So I did my black belt aikido test again* this weekend. Overall I wasn’t at all happy with my performance which was ugly, lacked grace, flow and sensitivity.
On the plus side I adapted to some large boys who were surprise partners for me, dealt with the stress of some last-minute complications and was marked well on “spirit” and “manner and attitude” perhaps the most important aspects of an aikido test. The really nice thing was doing it at Renshinkan , which despite travels to aikido schools far and wide, will always be home and hold a part of my heart (and several pints of blood, sweat and tears).
So why having passed and received compliments and congratulations from peers and mentors do I feel like crap? Because I know I didn’t do my best? Yes, and more than that, because pass or fail doing a beautiful test was the most important thing for me. I imagine the word “beautiful” is not one strongly associated with martial arts for most people, but this was the adjective my late teacher used when describing good
aikido.
Aikido has an ethical, connective and aesthetic dimension when it’s fully realised, anything less is not really
aikido but shoving people around with muscle and trickery. Immediately after the test I trained with my old
dojo-mate Polish Pete as a cool down. “Ah, now you’re doing your
aikido again, what happened?”
he said to me. What he was calling my
aikido is to me precisely the
opposite, ego-free
relaxed, pure movement
aikido not concerned with fighting or
achieving results. During the test Mark and passing were in the way of this grace. You could say that under the stress of the exam I went down several levels of functioning, not so much in technical terms, but in this essential
aikido nature.
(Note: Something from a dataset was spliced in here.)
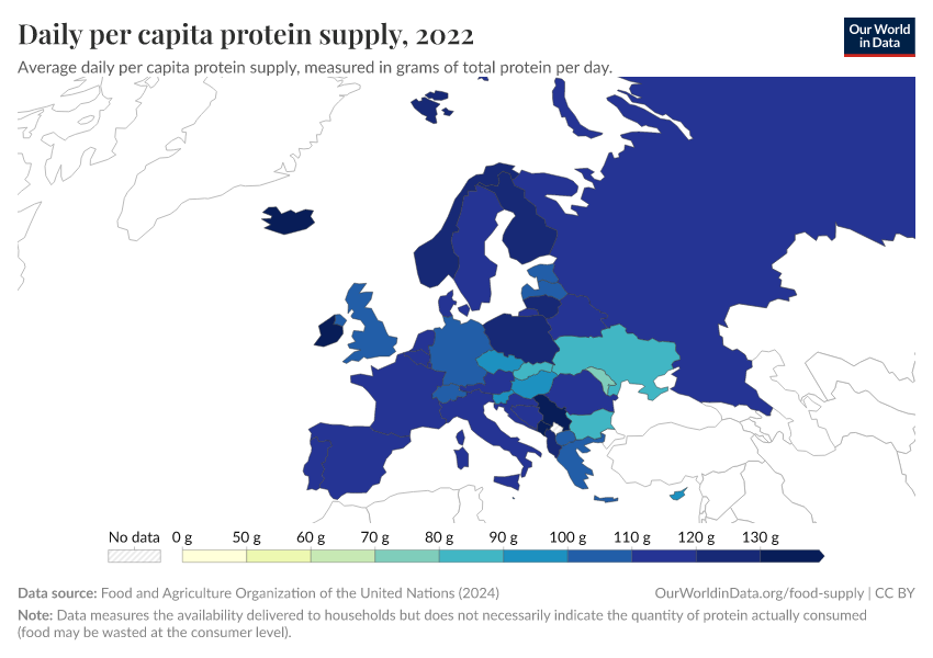 “Data Page: Total daily supply of protein per person”. Our World in Data (2025). Data adapted from Food and Agriculture Organization of the United Nations. Retrieved from https://archive.ourworldindata.org/20251128-120039/grapher/daily-per-capita-protein-supply.html [online resource] (archived on November 28, 2025).How to cite this data

During the test I was on the surface quite calm, but after was stiff and tired, unusual for me, and despite being put through my paces
disproportionate to the exercise.
Perhaps the devil of aikido, is it asks us not just to cope, but to soar beyond prosaic reactions, then puts the precisely the kind of pressure on us that makes us sink into our baser nature.
The better test now may be what I do about all this? I’ll start by thanking all my aikido instructors over the years and those who helped me in the run-up to this episode. Cheers folks. Beyond that I just don’t know.
*The first time was in Brazil over a year ago. I passed but couldn’t afford the registration fee, which is set in Japan and the same for people in every country, irrespective of standards of living.